As far as I've been able to understand, communication with the Apus can be auditory or intuition. Some priests also have experiences of spirits like ghosts who can make noises. They see energy spirits inside of animals like the puma, or the condor. Each paqo seems to have their own unique insight, depending on who his mentor was.
On Cultural Transmission
You're absolutely right that traditions necessarily change. One wouldn't want to keep it "pure," because it would have no real meaning and usefulness to you in your own country. It is more like a guide to be used to tap into your own natural spirituality and that connection to the world where you live. This is especially useful for all of us who have lost that close connection with the spiritual when Christianity all but drowned out the power of the natural world and its keepers of wisdom.
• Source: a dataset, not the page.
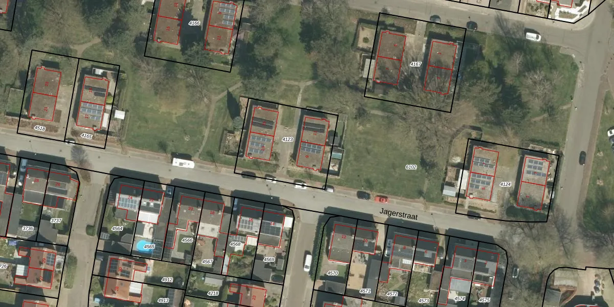 Het perceel waarop Jagerstraat 9 staat heeft een oppervlakte van 728 m². Dit is een groot perceel. De perceeloppervlakte wordt geregistreerd door het Kadaster. Gedetailleerde informatie over de maten van dit perceel kunt u vinden in het rapport Kadastrale kaart met maatvoering van Jagerstraat 9.

There's always a tension between serious seekers and practitioners of the sacred and those who are dabbling into its entertainment value. We must be thankful that no one hardly can manage to mess around with the Qeros because they literally reside where most tourists don't want to travel. However, modernity has influenced and changed them just like everyone else is being changed. Once indigenous people get a little taste of Christianity and modern conveniences, there is no turning back completely. Our world still has classic shamans tucked away in various villages all over the earth, and we are just very lucky if we ever get to meet them.
Colophon
Written by Nita Byrd, a fourth-level Andean paqo initiated in the lineage of Juan Nunez del Prado. Posted to alt.religion.shamanism in July 2003 in two messages (Message-IDs: bfat1n$rfn$[email protected] and bfg87j$o5l$[email protected]). Byrd had trained with Juan Nunez del Prado for four years, had undertaken the Hatun Karpay initiation in Peru, and was a recognized practitioner of the Qero paqo tradition.
These posts were written in response to questions from a fellow newsgroup member and represent among the most detailed first-person practitioner accounts of Inka shamanism available in public digital archives. Byrd's careful distinction between authentic Qero practice and New Age adaptation makes this account particularly valuable.
Preserved from the Usenet archive for the Good Work Library by the New Tianmu Anglican Church, 2026.